Когда мне исполнилось тринадцать лет, я сделала заявление:

— Я никогда не выйду замуж и никогда не заведу детей.

Прекрасно помню время и место, где было произнесено это обещание. Это случилось часов в шесть вечера в ресторанчике на пересечении Шестьдесят третьей улицы и Бродвея. Ну а день был, соответственно, 1 января 1987 года, и я разразилась этими громкими словами вскоре после того, как родители начали ссориться. Дискуссия, подогреваемая спиртным и массой серьезных претензий друг к другу, увенчалась тем, что моя мать во всеуслышание обозвала отца дерьмом и, обливаясь слезами, убежала в укрытие, которое всегда называла комнаткой для девочек. Хотя прочие посетители ресторана удивленно взирали на эту шумную сцену супружеского раздора, для меня она не стала великим потрясением. Мои родители вечно грызлись, и особенно самозабвенно в те именно дни (Рождество, День благодарения, годовщина появления на свет их единственного дитяти), которые должны бы протекать под знаком семейных ценностей, когда надлежало дарить друг другу «ласку и нежность».

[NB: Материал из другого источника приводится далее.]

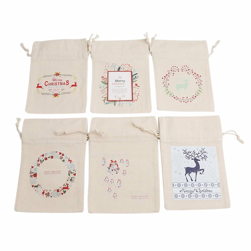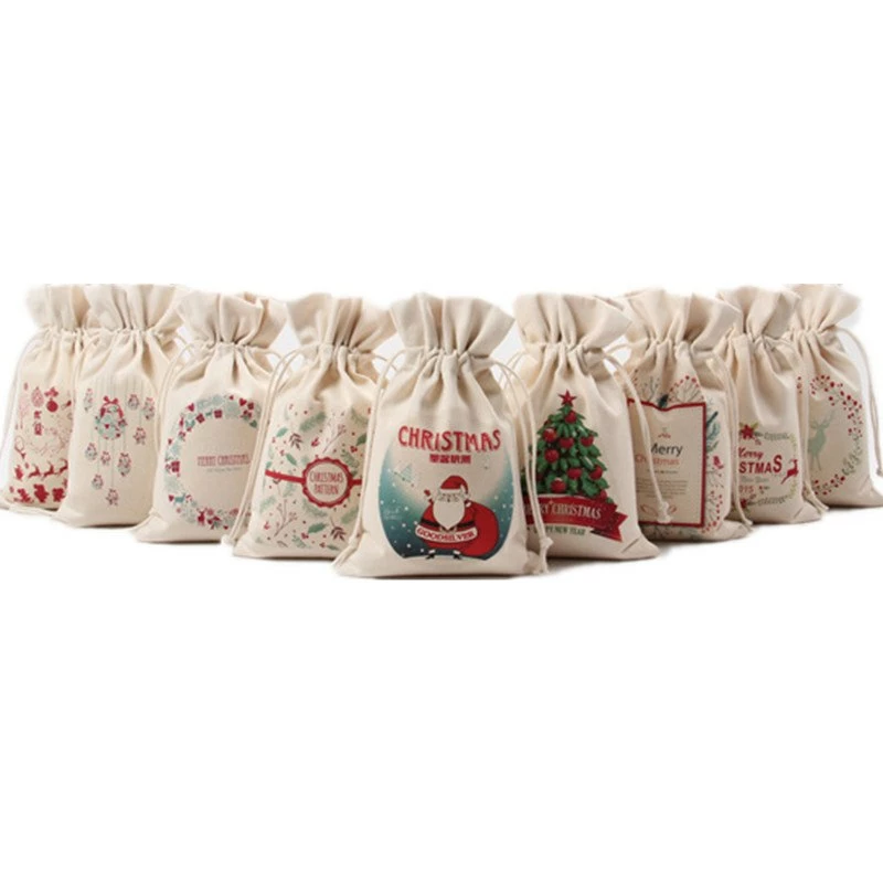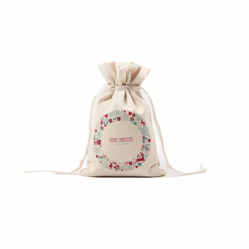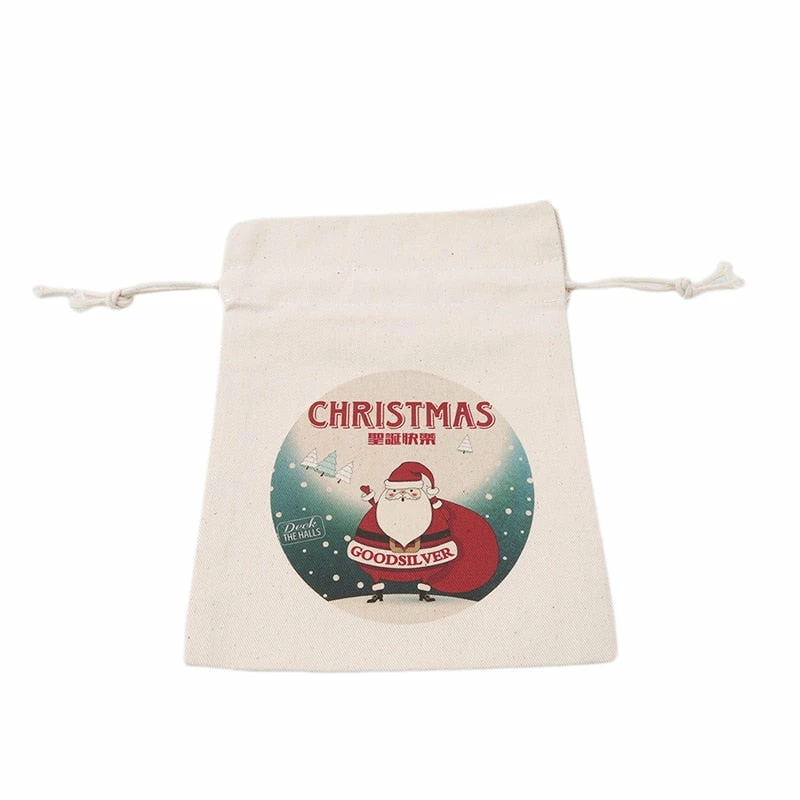 The American Store 1PC 2017 New Year Christmas Candy Bag Santa Claus Drawstring Canvas Sack Tableware Rustic Vintage Stockings Gift Bag GI899499

Но ни ласковыми, ни нежными мои родители никогда не были. Скандалы и стычки были им необходимы, как пьяницам подчас необходим глоток виски по утрам, чтобы продрать глаза. Без этого у них почва уходила из-под ног, они утрачивали душевное равновесие, как-то даже терялись. Но как только начинались взаимные упреки и язвительные замечания — все становилось на свои места. Чувствовать себя несчастным — не просто душевное состояние, это привычка, да еще такая, от которой мои родители никак не могли отказаться.

Но я отклонилась от темы. Новогодний праздник, 1987 год. Мы выехали из дома в Олд Гринвиче, штат Коннектикут, и отправились отмечать мой день рождения. Начали с «Нью-Йорк Сити Балле» — там давали «Щелкунчик» в знаменитой постановке Баланчина. После утреннего спектакля зашли в ресторан «О’Нил» напротив Линкольн-центра. Папа заказал себе мартини с водкой, потом второй, поднял руку, чтобы заказать третий. Мама начала выговаривать, что он слишком много пьет. Папа — на то он и папа — сообщил маме, что ему она не мать и что если он пожелает выпить чертов третий мартини, то обязательно выпьет этот чертов третий мартини. Мама зашипела, чтобы он говорил тише. Папа ответил, что не позволит обращаться с ним как с ребенком. Мама ехидно возразила, что папа заслуживает именно такого обращения, потому что ведет себя как обиженный маленький мальчик, который со злости вышвыривает из кроватки игрушки. Папа, готовый нанести смертельный удар, обозвал ее никчемным ничтожеством, которое…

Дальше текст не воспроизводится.